Our patients want to believe and trust that we can help and that we know how to help. Sometimes the notion that you are a very “intuitive” person is reassuring to a particular type of patient—maybe the person who needs to believe in something bigger and more impressive than the tested hypothesis. For others it means the doctor is not bound by reason and the rules of the social sciences, but rather is flakey and magical. After all, other professions like medicine and law make it clear; because it is in fact clear. I wanted an x-ray for my broken elbow, not the physician’s intuitive sense that it was shattered.

“Intuition” may conjure images of a well-timed intervention that freed a patient from his or her internal prison. Conversely it may sound imprecise, affected, and unskilled. Like any of our tools, if intuition is to be judged as useful, discussion of what it actually is may be beneficial.
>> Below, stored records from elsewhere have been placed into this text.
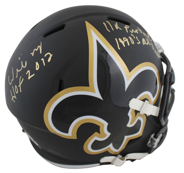 This Autographed Alternate AMP Riddell Full Size Speed Rep Helmet with the inscription of "HOF 12, 11x Pro Bowl, 1990's All-Decade" has been Personally Signed by Willie Roaf of the New Orleans Saints. This item is 100% Authentic to include a hologram by Beckett Authentication Services. This item will come with the new Beckett Authentication hologram that has a scannable QR code rather than the traditional COA. If you would like to have a COA, you are welcome to reach out to Beckett for a printed certification once you receive your item. This is a BAS Witnessed Protection Program item which means a Beckett Authentication Service representative was present when this item was being signed. This is a stock item. We conducted an autograph signing with Willie Roaf and we have several of these available. The one you will receive will be of equal quality to the one pictured. This item can be verified through BAS Witnessed.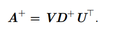 对角矩阵 D 的伪逆 D + 是其非零元素取倒数之后再转置得到的。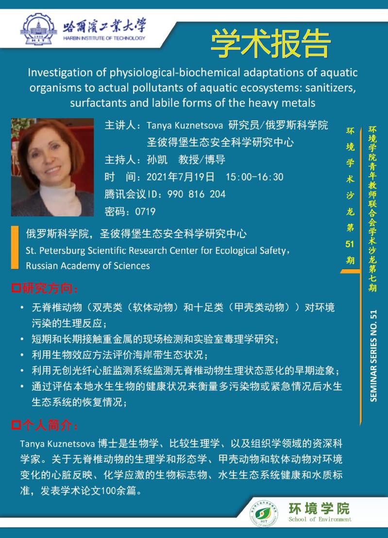 俄罗斯科学院,圣彼得堡生态安全科学研究中心Tanya Kuznetsova研究员将于2021年7月19日与哈尔滨工业大学师生进行学术交流,欢迎感兴趣的师生参加线上学术报告会。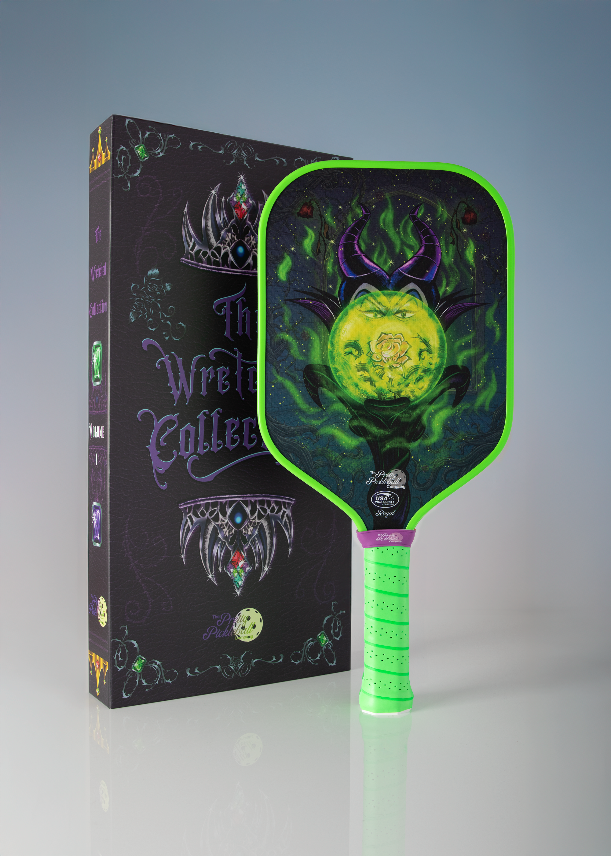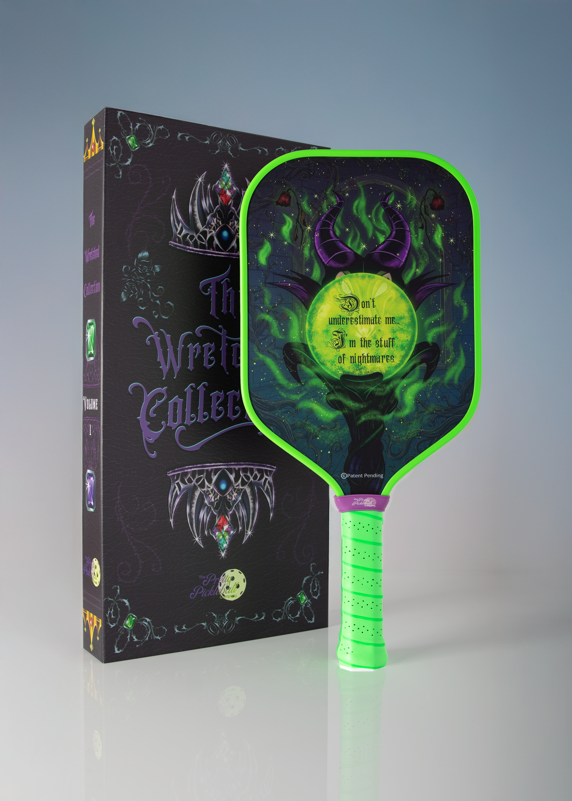 The Wretched Collection is where villains take the spotlight. Inspired by the cunning, power, and attitude of the most notorious fairytale baddies, each paddle is a statement piece designed to help you play fiercely and unapologetically. With pro-level T700 carbon fiber performance and dramatic, original artwork, this collection brings dark elegance and wicked fun to every match—perfect for players who love to rule the court with a little edge.

What then does “intuitive” mean? I posit the following regarding intuition as it applies to clinical work. Many psychologists are remarkably sensitive people with wonderful gifts in terms of reflective capacity, observation, and detail. This natural or innate predisposition of strong affect is then sifted and structured through education and professional training. Consequently, in addition to all of our scientifically derived skills as psychologists we also aim to use of our own feelings and reactions to further understand people—for example, the confusion that occurs at a staff meeting regarding a psychotic patient (parallel-process), or the schoolgirl crush that is privately experienced by a female intern for the handsome and just charming enough young sociopath. These are examples of countertransference in some form or another. When we fail to acknowledge and explain the experience of countertransference or projective identification, the feelings may be priming the inevitable build up of something that becomes intuitive.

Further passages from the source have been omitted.